TASK INSTRUCTIONS —
When you reach the line below that has "Methylcobalamin (mecobalamin, MeCbl, or", start returning lines exactly, and stop after the line that has "Han sido varios"; skip the pictures.

RECORD EXCERPTS —
________

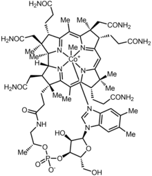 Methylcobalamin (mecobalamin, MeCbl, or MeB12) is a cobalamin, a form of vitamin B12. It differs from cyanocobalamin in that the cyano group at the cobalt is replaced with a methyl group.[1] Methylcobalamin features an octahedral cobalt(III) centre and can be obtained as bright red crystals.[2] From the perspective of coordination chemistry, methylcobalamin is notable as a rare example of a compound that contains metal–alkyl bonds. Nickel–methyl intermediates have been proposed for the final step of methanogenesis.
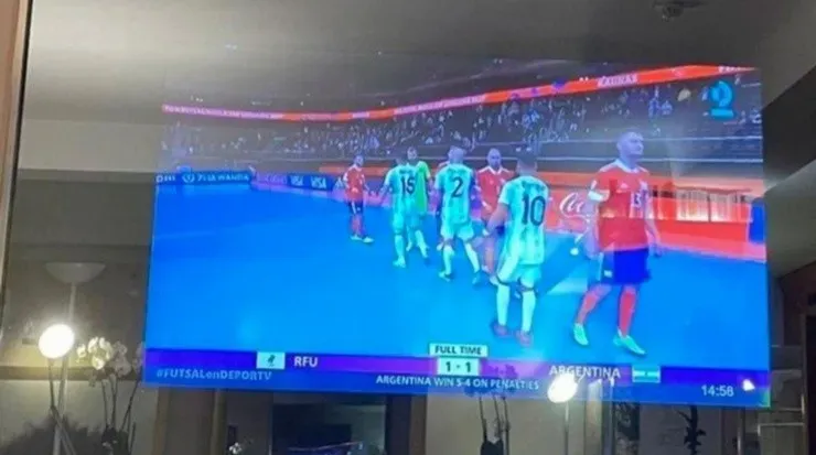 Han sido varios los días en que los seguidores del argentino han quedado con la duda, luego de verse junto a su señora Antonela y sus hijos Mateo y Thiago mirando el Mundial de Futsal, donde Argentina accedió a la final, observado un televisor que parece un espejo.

________

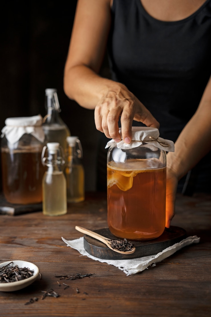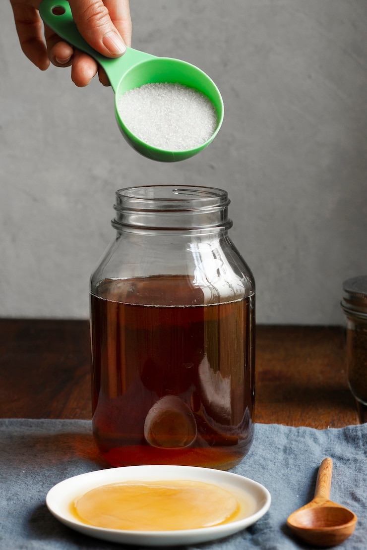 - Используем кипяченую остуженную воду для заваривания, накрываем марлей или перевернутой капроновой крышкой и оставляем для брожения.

________

YOUR SOLUTION —
 Methylcobalamin (mecobalamin, MeCbl, or MeB12) is a cobalamin, a form of vitamin B12. It differs from cyanocobalamin in that the cyano group at the cobalt is replaced with a methyl group.[1] Methylcobalamin features an octahedral cobalt(III) centre and can be obtained as bright red crystals.[2] From the perspective of coordination chemistry, methylcobalamin is notable as a rare example of a compound that contains metal–alkyl bonds. Nickel–methyl intermediates have been proposed for the final step of methanogenesis.
 Han sido varios los días en que los seguidores del argentino han quedado con la duda, luego de verse junto a su señora Antonela y sus hijos Mateo y Thiago mirando el Mundial de Futsal, donde Argentina accedió a la final, observado un televisor que parece un espejo.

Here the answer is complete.